The paper rain was not one line.
It was hundreds of tiny attempted custody writings.
So he changed approach.
Not at me.
At the event.
He took one breath and said, louder now,
"This isn't yours to finalize."
The ravine changed.
Not all the rain.
Not the whole field.
But enough.
The strips that had settled nearest the group shivered, curled, and began losing the clean flatness that made them usable.

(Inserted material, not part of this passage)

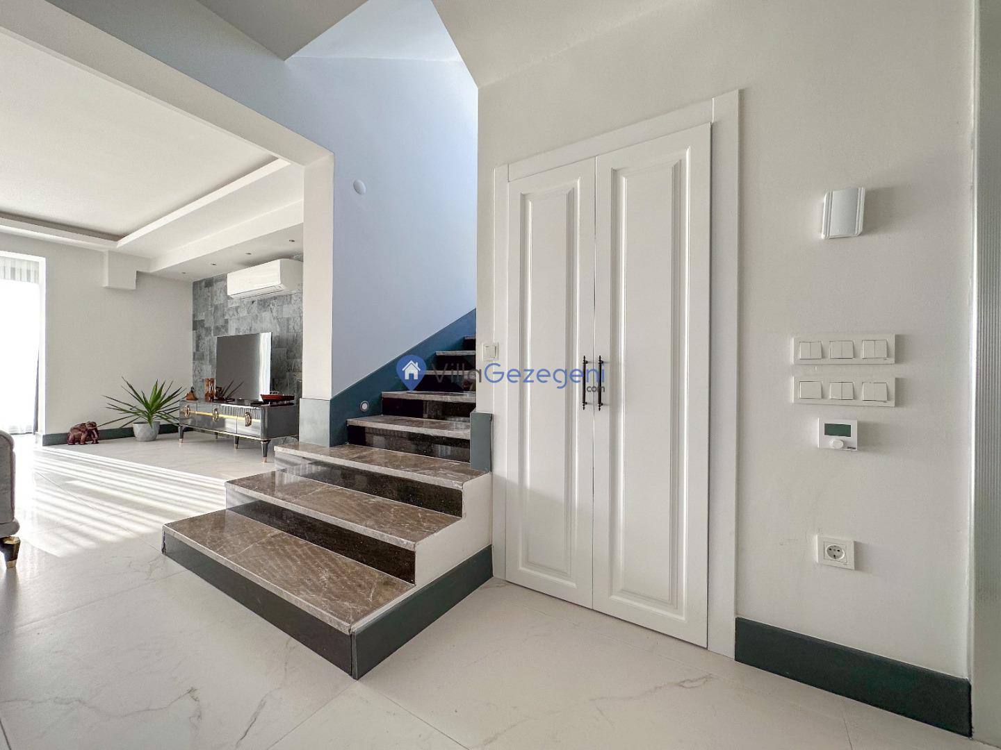 Villanın geniş ve ferah salonu, şık mobilyalar ve rahat oturma düzenlemeleriyle dikkat çekerken, tam donanımlı mutfak, yemek pişirme sürecini hem kolay hem de keyifli hale getirir. Mutfakta bulunan modern aletler ve geniş tezgah alanları, her türlü yemek hazırlığı için idealdir.

They were still paper. Still there. But now they looked more like interrupted forms than active instruments.
Yukari saw it and moved fast, sweeping whole clusters of half-deadened slips into the dry wash where Eizan stomped them into mud-dust with brutal satisfaction.
Sato crushed three more near Kanai.
Serou knocked a whole line of descending strips against the ravine wall so the rough stone chewed their edges before they landed.
Shisui dropped back beside Kaito again.
"How long can you do this?"
Kaito didn't lie.
"Not long."
The seal in his wrist was already cold enough to hurt. The slab felt heavier now too, like it disliked being used before it had fully named its third correction.
Fair.
But the weather didn't care about fairness.
Then the rain slowed.
Not stopped.
Shifted.
A bad sign.
Reina looked up first and swore.
"They're pulling back."
Serou's face hardened. "Why is that bad?"
"Because this wasn't the kill layer," she said. "It was the writing layer."
Of course.
Kaito understood at once and hated it.
The paper rain had not failed.
Not entirely.
It had tested response.
Pressure patterns.
Counter-language.
Who moved on instinct and who moved on discipline.
It had asked a new question.
And now, somewhere beyond the ravine, Morita had part of the answer.
Kaito stared at the last few strips drifting down.
One of them landed on a rock near his foot and did not turn toward him.
Instead, in small black notation no one else could have noticed from that angle, it wrote a single line before folding dead.
Third correction active probable.
Kaito crushed it instantly.
Too late.
Shisui saw his face.
"What?"
Kaito looked up into the dark ridge line beyond the ravine and said quietly,
"He knows the slab is awake."
A beat.
Then, from somewhere ahead—not behind—the sound of a gate bar being lifted echoed once through the stones.